For the last few years I have been bouncing around the idea of making a Marseille style soap. For those of you not familiar Marseille soap is a traditional soap that comes from the coastal city of Marseille in southern France. Made almost exclusively from olive oil, sea water and ash from sea vegetation. The mixture is cooked in large vats for upwards of two weeks. After the soap is cooked it is poured, cut into large cubes, stamped on all 6 sides & left to cure. The stamping really gives the soap cubes their iconic look (IMO). This soap is used for anything and everything. (Laundry, dishes, washing floors, cleaning bathrooms, washing yourself, cleaning jewelry, it can also be used as an insecticide) If you have used a handmade soap before you will be familiar with the squeaky clean feeling that is left on your skin when washing with it. Marseille soap is the same. Seriously if wash dishes with it I find there is no water marks when they dry! It amazing.
However using the name Marseille is similar to Champagne. You can only use the name if it is produced in that region and made in the traditional method. I’m I love with this old world prosses but I don’t have the capacity to boil my soap in big vats for weeks on end in my basement (that is the location of my work space). So I had to tweak the concept a bit.
I precent to you UTILITY SOAP
The Prairie Fire Utility Soap is made with 72 % extra virgin olive oil, organic coconut oil, as well as salt water matching the salinity of the ocean.
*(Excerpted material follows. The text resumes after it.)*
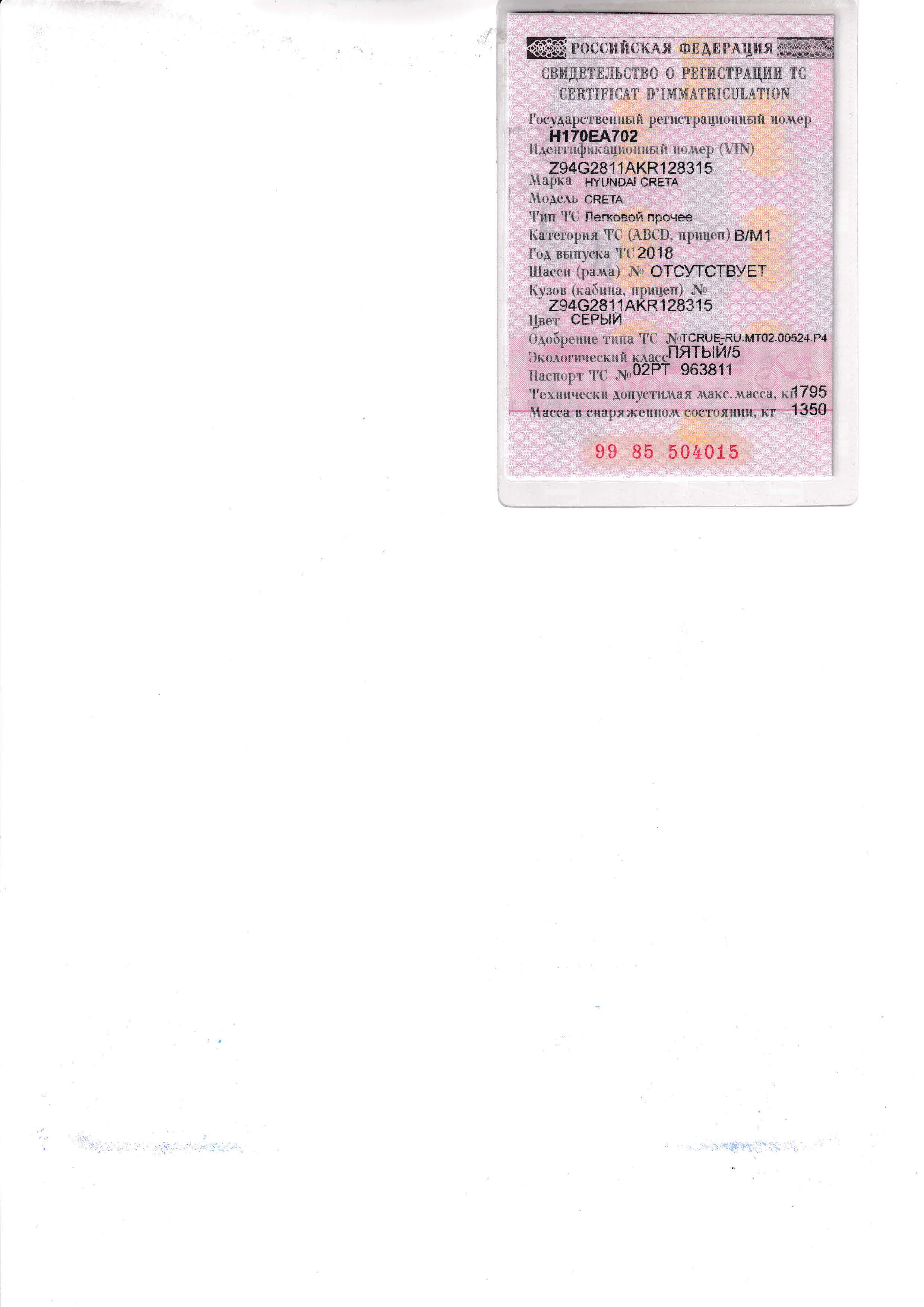 Автомобиль ХYUNDAI CRETA 2018 г.в., г/н Н170ЕА 702, VIN: Z94G2811AKR128315, цвет серый (пробег автомобиля 145 тыс. км., двигатель 1,6, МКПП, передний привод, фотографии автомобиля прикреплены к сообщению в ЕФРСБ и на ЭТП «Тендер Стандарт»).

The salty water is made with sea salt that was produced on Vancouver island. And in homage to my French inspiration stamped on all six sides. These oversized blocks are hand cut, hand stamped and left to cure for 3 + months.
Utility soap is a great plastic free & chemical free replacement for many home cleaners. The main on being dish soap. One block of utility soap will replace 6-7 bottles of liquid dish soap.